Every Broken Thing: on making a voice
If you’ve spent time with a toddler you might know of the show Trash Truck. It follows the friendship between a little boy and a sentient garbage truck who possesses the vulnerable demeanor of Harry from Harry and the Hendersons, and it is vaguely apocalyptic- it looks like it’s set in a southwestern wasteland dotted with remnants of suburban sprawl. However this is not what strikes me most in 2025.
The friendships between children and inanimate objects in our modern Pixar- cannon are usually poignant without being truly grim. They represent wonder, a feral country that grown ups no longer have access to, and they help us to see the soulfulness, the magic of everyday.
And then there are shows like Trash Truck that remind us, at least me, of the underlying sadness of those friendships. As a child I was so enraptured by my Dreambox clock radio that I believed a world hummed in its squat white lacquered body where I was one of the Supremes, and Diana Ross and Smokey Robinson loved me and sang me to sleep each night. Inevitably life would intrude on this fantasy and the rupture was painful. Even as a child I knew this- it is lonely to be friends with an object, even in the land of imagination where it can love you back.
But I want to tell you about an episode called Lost Voice. The little boy, whose name is Hank, loses his voice after being sick. Trash Truck and other friends, including a rat and raccoon, are desperate to help him speak again and so they take a tin can and search for sounds to fill it with: trickling water, a squeaky door hinge, wind in the leaves. They fill up the can with all the broken music they find and bring it back to their friend, so he might take what’s in the can and speak.

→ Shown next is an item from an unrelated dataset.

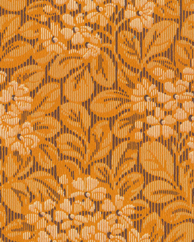 Gobelängimiterande mönster av denna typ, med ymnig växtlighet på randig eller rutig ofta mörk botten, var populärt under 1910-talet och en bit in på 20-talet. Här i en tapet från 1970-talet.

I’ve been procrastinating a lot lately. Moving around peripheries, as if stalking what I’m truly after in the hedges but lacking conviction to truly go after it.
In the essay “procrastination as creative process,” (Uppercase Magazine), Molly Meng writes that the key to not procrastinating is procrastinating. “I avoid the known (of her regular creative work) in the hope that a yet creative unknown will show itself to me.” She cheers us procrastinators on: lean into it, make your detour the main event! It is still an act of creation, even if it’s a stop, even if it feels like you’re coasting, or shirking or whatever word you use to dismiss your essential and good act of making things.
I have been making collages, a hobby which began with new years’ vision board-making, and maybe used to feel like “not-working” but has turned into something more strange and propulsive, more vital to how I make sense of how I feel.
Similarly, I have been listening to sound-diaries- such as the magical Found Sounds podcast - which allow me to understand a person by hearing what they hear, dissolving into their soundscape. A sonic collaging.
Maybe my dreambox did love me back. I know it gave me a voice, seeped its music into me, a voice drenched in Boston accents and golden oldies and static and winter stars. I wish I still had it. For a long time starting after college, it lived in a cardboard box, like a little electronic heart measuring the minutes of my life, still smudged with the prints of my 8 year old hands fumbling for it in the dark.
Is this making a voice? Is procrastinating, the way Meng describes it, a way of finding it again, in a new form?
Right now, how do we find our voice? How do we find it ever, but especially after rupture, after losing the dreamed world we inhabited?
Find your tin can. Fill it to the brim.
I think another way of saying that is, love the world, every broken thing.